Мика начал читать текст вслух:

— «За последнее время в городе активизировались злоумышленники, именующие себя армией Трясогузки…

— Кх!.. — гордо кашлянул командир.

— Несколько дней назад учинено крушение поезда. Сегодня, двадцать девятого апреля сего года… — Мика посмотрел на командира. — Понял? Праздник послезавтра!

— Понял! Читай дальше! — приказал Трясогузка и заложил руку за борт френча.

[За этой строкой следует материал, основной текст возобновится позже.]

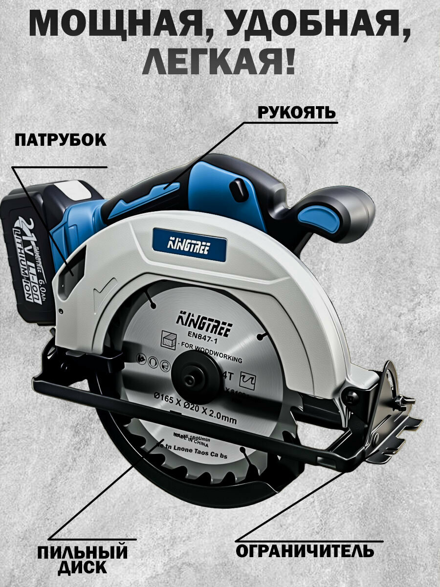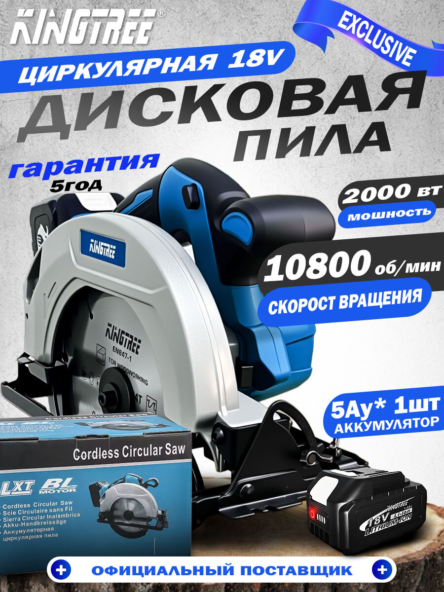 Купить Kingtree 7″ Бесщеточная Портативная Циркулярная Пила С Защитным Кожухом(1 АКБ 5,0 Ач, гофроящик) с доставкой по всей России.
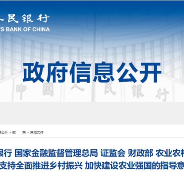 中國人民銀行、金融監(jiān)管總局、中國證監(jiān)會(huì)、財(cái)政部、農(nóng)業(yè)農(nóng)村部近日聯(lián)合發(fā)布《關(guān)于金融支持全面推進(jìn)鄉(xiāng)村振興 加快建設(shè)農(nóng)業(yè)強(qiáng)國的指導(dǎo)意見》。

— … сего года, — повторил Мика, — нанесён ущерб подсобному строению, принадлежащему воинскому гарнизону города. В распоряжении военной комендатуры имеются заложники. Если по истечении двух суток злоумышленники не будут обнаружены, заложники будут расстреляны».

— Они и сами стрелять умеют! — шепнул Цыган.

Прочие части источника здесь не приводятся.